It's well-known that momentum investing often works. For example, our simple no-thought momentum portfolio (buying the previous quarter's 20 best performers in the FTSE 350) has risen 9.1 per cent in the last five years while the FTSE 350 has lost 18.2 per cent. However, new research shows that momentum investing doesn't work for all stocks.
Jason Wei and Liyan Yang at the University of Toronto tested the performance of various momentum strategies in US shares since 1964. They confirmed that the strategy of buying recent winners and selling recent losers generally does well. However, they found that there's one type of stock it doesn't work for – large, low-volatility ones.

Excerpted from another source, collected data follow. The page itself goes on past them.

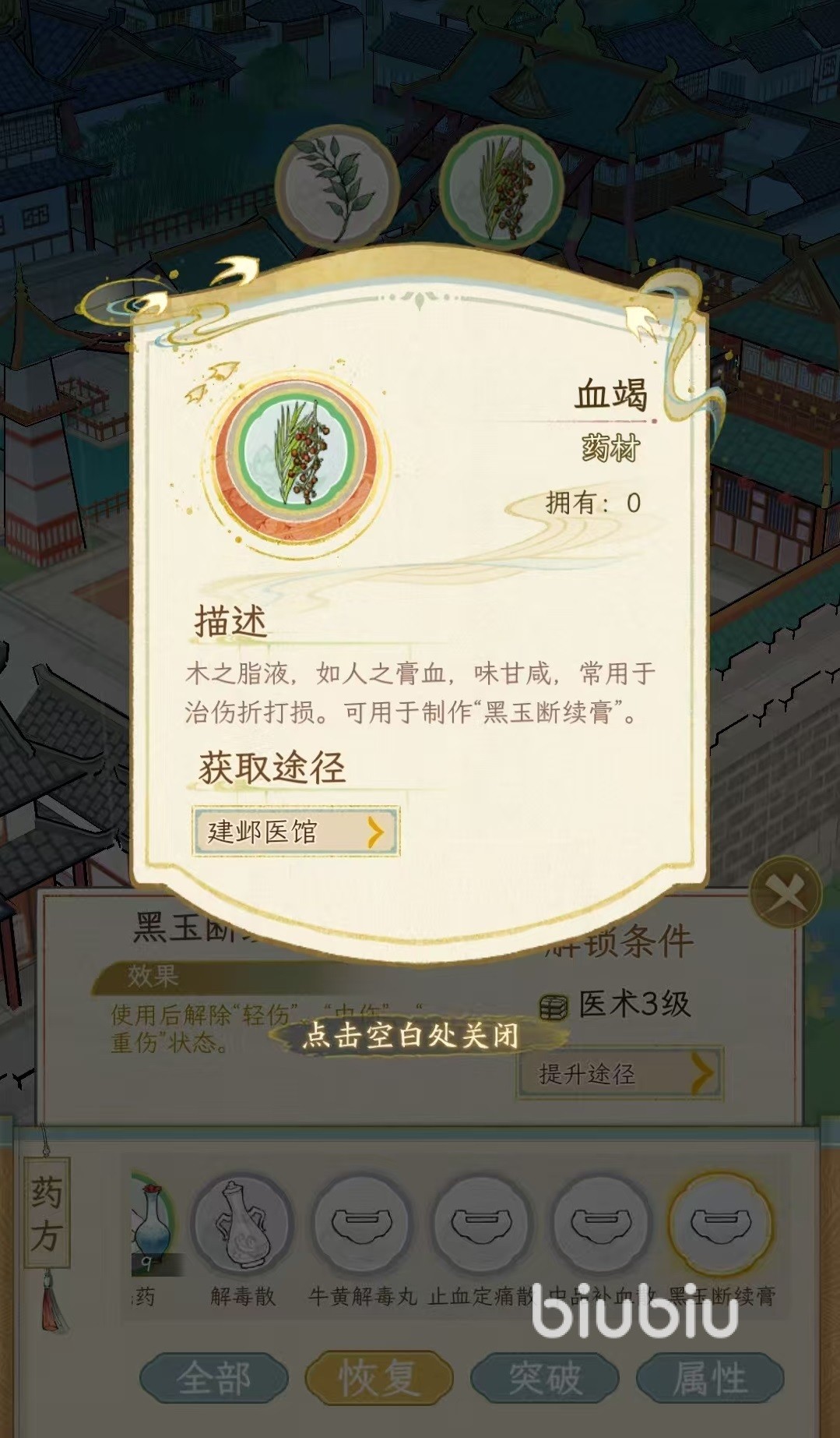 和烹饪玩法不同的是,在制药的时候直接就明确了配方,不需要自己再逐个尝试。大家需要做的只是收集足够的材料,先从低等级开始不断炼制,然后逐渐提升等级,就能制作更高级的药品了。制作的药品一共分为三大类,分别是恢复、突破和属性。数量最多的是恢复,作用就是用于恢复血量和解除各种状态。例如顶级的恢复药品黑玉断续膏,使用之后直接解除轻伤、中伤和重伤等状态,需要药草和血竭来制作得到。恢复血量的药品例如中品补血散,使用之后直接储备2万点储备气血,只需要药草可以直接制作出来。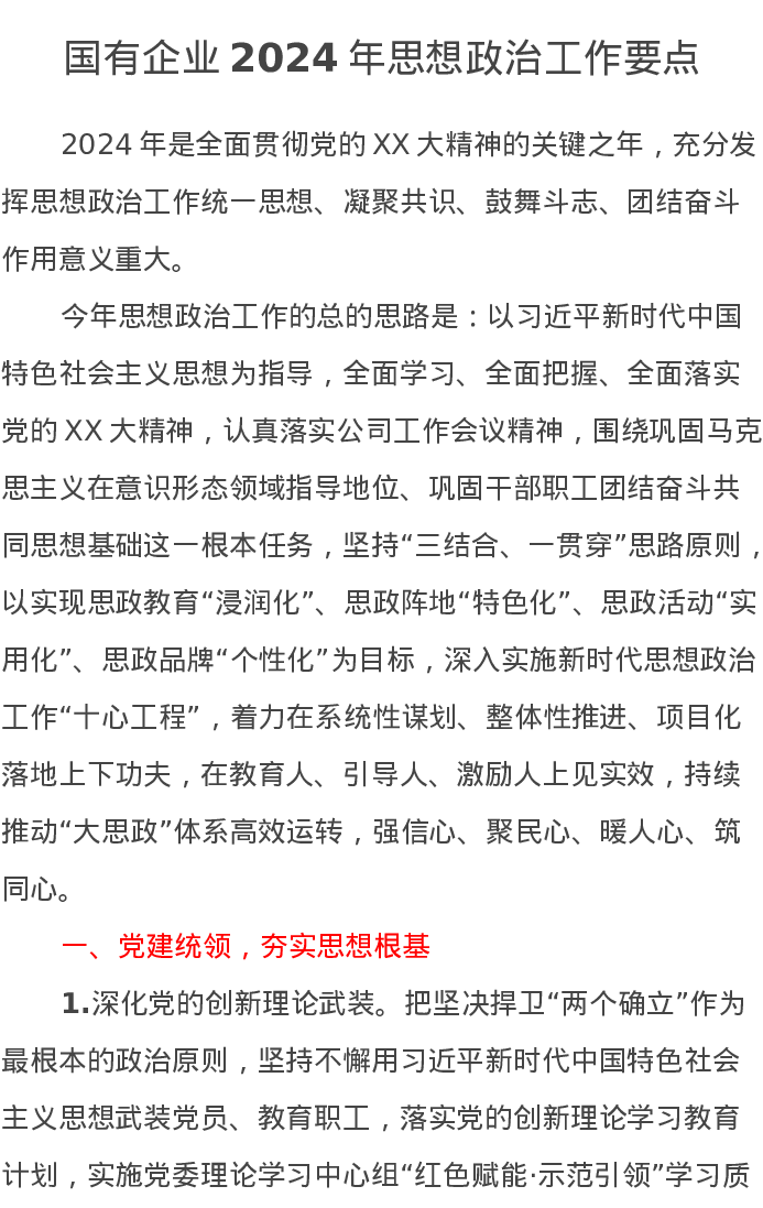 国有企业2024年思想政治工作要点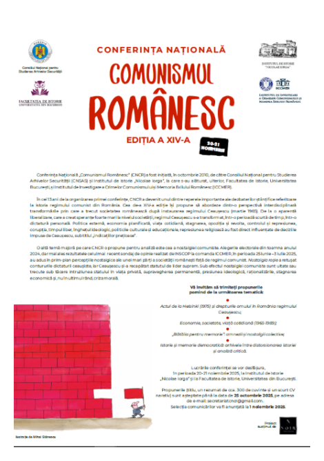 Institutul de Istorie „N. Iorga” în parteneriat cu Consilul Național pentru Studierea Arhivelor fostei Securități (CNSAS), Facultatea de Istorie, Universitatea București și Institutul pentru Investigarea Crimelor Comunismului și Memoria Exilului Românesc (ICCMER) vă invită să trimiteți propuneri pentru cea de-a XIV-a ediție a Conferinței Naționale „Comunismul Românesc”, care se va desfășura între 20 și 21 noiembrie.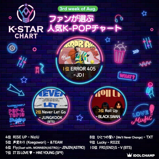 『K-STAR CHART presents POP-K TOP10 Friday』8月16日(金)放送回のチャートは表示の結果となりました。
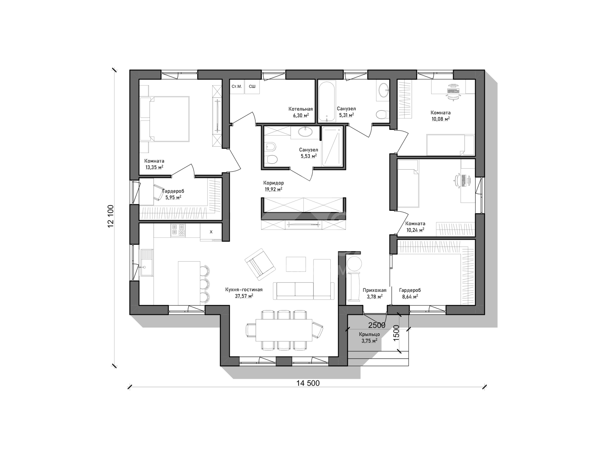 Номер объекта - 1720 Предлагаем к продаже авторский проект одноэтажного дома С-26 157 м². (Стоимость без участка) Отличный вариант для тех, кто планирует комфортное загородное проживание в спокойном и живописном месте. Готовы подробно ответить на все вопросы и предоставить дополнительную информацию. Звоните — будем рады помочь! В "Базовую" комплектацию дома входит полный закрытый теплый контур: • Подготовительные работы - Проект дома; Документы для БТИ; Оценка стройплощадки • Фундамент (зависит от участка) • Несущие стены газоблок / керамоблок / кирпич • Монолитный пояс • Перекрытия - Ширина плит перекрытия: 1-1,5м; Длина до 9 м.; Утепление торцов плит; Заделка швов • Утепленная кровля из металлочерепицы • Окна двухкамерные с тройным стеклопакетом • Металлическая входная дверь с зимним утеплителем Если вас заинтересовал дом — обращайтесь за подробностями. Всегда рады помочь. Помощь в получении кэшбека при покупке недвижимости, ипотеки, реализации материнского капитала и сертификатов. Гарантируем безопасность сделки.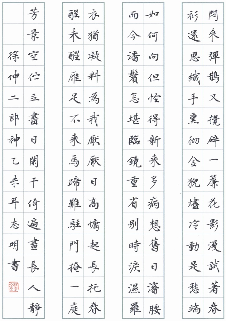 重省。别时泪湿,罗衣犹凝。料为我厌厌,日高慵起,长托春酲未醒。雁足不来,马蹄难驻,门掩一庭芳景。空伫立,尽日阑干倚遍,昼长人静。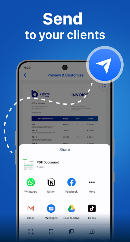 見積書から請求書を簡単に作成し、プロフェッショナルなPDF形式でクライアントと共有できます。この請求書作成ツールを使えば、請求書や見積書をメールやメッセージアプリで送信したり、印刷して直接渡すこともできます。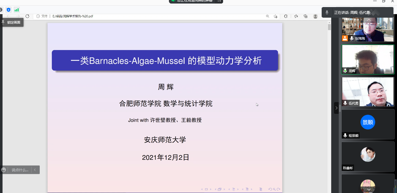 12月2日下午,2009届校友、合肥师范学院数学与统计学院副教授周辉博士应太阳成集团tyc234cc邀请作了一场题为“一类Barnacle-Algae-Mussel 模型的动力学分析”的线上学术报告。太阳成集团tyc234cc部分教师、数学一级学科硕士点和统计学一级学科硕士点研究生参加了本次报告会,报告会由太阳成集团tyc234cc伍代勇教授主持。
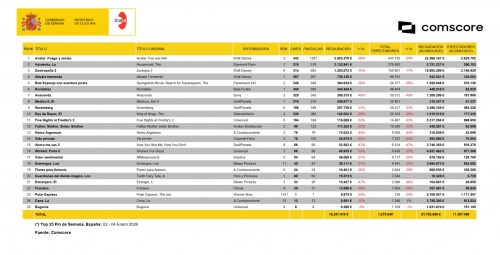 # Semana: (02-04 de Enero) - El fin de semana del 2 al 4 de Enero de 2026 las veinticinco películas más taquilleras recaudaron 10.247.410 euros gracias a 1,275.640 espectadores.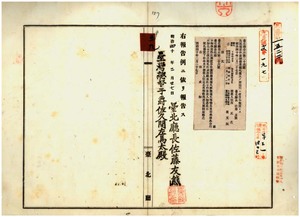 五九 第二六号 台北庁大加蚋堡大稲花蘆竹脚街葉文振ハ煙草仲売捌営業鑑札遺失ニ付キ該鑑札ヲ無効トス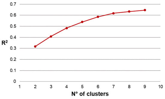 The most suitable number of clusters was calculated as follows. Initially, the K-means clustering method was performed with different numbers of clusters (2–9). The results of each partitioning were applied in an one-way ANOVA as the dependent variable and the environmental threat indicators as independent variables. From the ANOVA results, the coefficient of determination () was calculated by the ratio of the inter-cluster variance (sum of the squares among the groups) and the internal-cluster variance (sum of the total squares for each variable) [80,82]. The choice of how many clusters to use was made based on the value of () in order to optimize the variability gain with the increase in the number of clusters.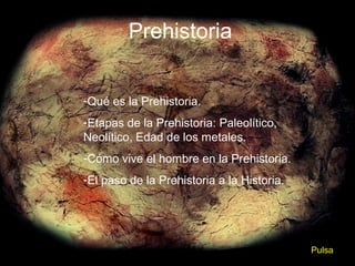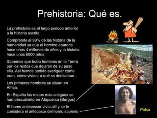 La prehistoria abarca desde la aparición del hombre hace 4 millones de años hasta la aparición de la escritura hace unos 6,000 años. Se divide en Paleolítico, Neolítico y Edad de los Metalos. En el Paleolítico, los primeros humanos eran cazadores-recolectores nómadas que vivían en cuevas. En el Neolítico, los humanos se volvieron agricultores y ganaderos sedentarios. La Edad de los Metalos trajo el descubrimiento del cobre, bronce e hierro. El paso de la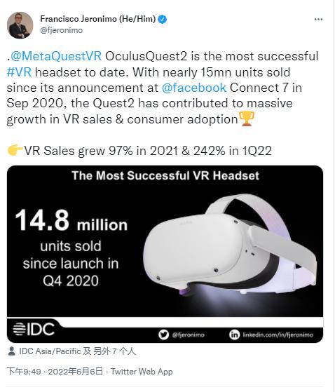 根據(jù)IDC的數(shù)據(jù),截至2022年Q1,Quest 2已經(jīng)銷售了1480萬(wàn)臺(tái)。該預(yù)測(cè)數(shù)據(jù)雖然被認(rèn)為偏高,但多數(shù)機(jī)構(gòu)都評(píng)估其實(shí)際銷量不低于千萬(wàn)。或許是因?yàn)?021年賣得太多,Quest 2的銷量在2022年有所下降,但它仍然是最受歡迎的消費(fèi)級(jí)VR頭顯設(shè)備。

For blue chips, good performance in one three-month period tended to lead to poor performance in the next three. That's reversal rather than momentum.
There are two possible reasons for this. One is that investors have limited attention; they simply cannot follow all shares closely. This means that if a small stock does well it might continue to do so because its rise attracts investors' attention towards its merits. But this source of momentum doesn't apply to blue chips, which are closely watched anyway.
A second explanation has been suggested by economists at the University of Georgia – the idea of moderated confidence. This says that investors underreact to reliable signals but overreact to less reliable ones.
Imagine a small or volatile stock gets some genuinely good news. Investors might then underreact, believing that the signal is weak relative to the normal noise (volatility) surrounding the share. This underreaction will cause the share to rise too little in response to the good news, with the result that it drifts up later as investors cotton onto the share's better prospects.
But now imagine a blue-chip gets good news of similar magnitude. Investors might put lots of faith into this signal, believing it to be strong relative to the lower amount of noise accompanying the share. This can lead them to overreact, pushing the share price up to a level from which it subsequently falls.
In this way, volatile stocks underreact and so have momentum, while less volatile ones overreact and have reversals.
There are two lessons here for investors. One is that we should not be universal momentum investors. If large defensive shares do very well, we should not jump onto the bandwagon. Momentum works better for smaller stocks.
Secondly, all this corroborates the idea that momentum's profits have been a reward for exploiting other investors' cognitive biases rather than for taking risk in the conventional senses.
This, however, is a two-edged sword. There's a danger that momentum's success might disappear if or when investors wise up to these biases.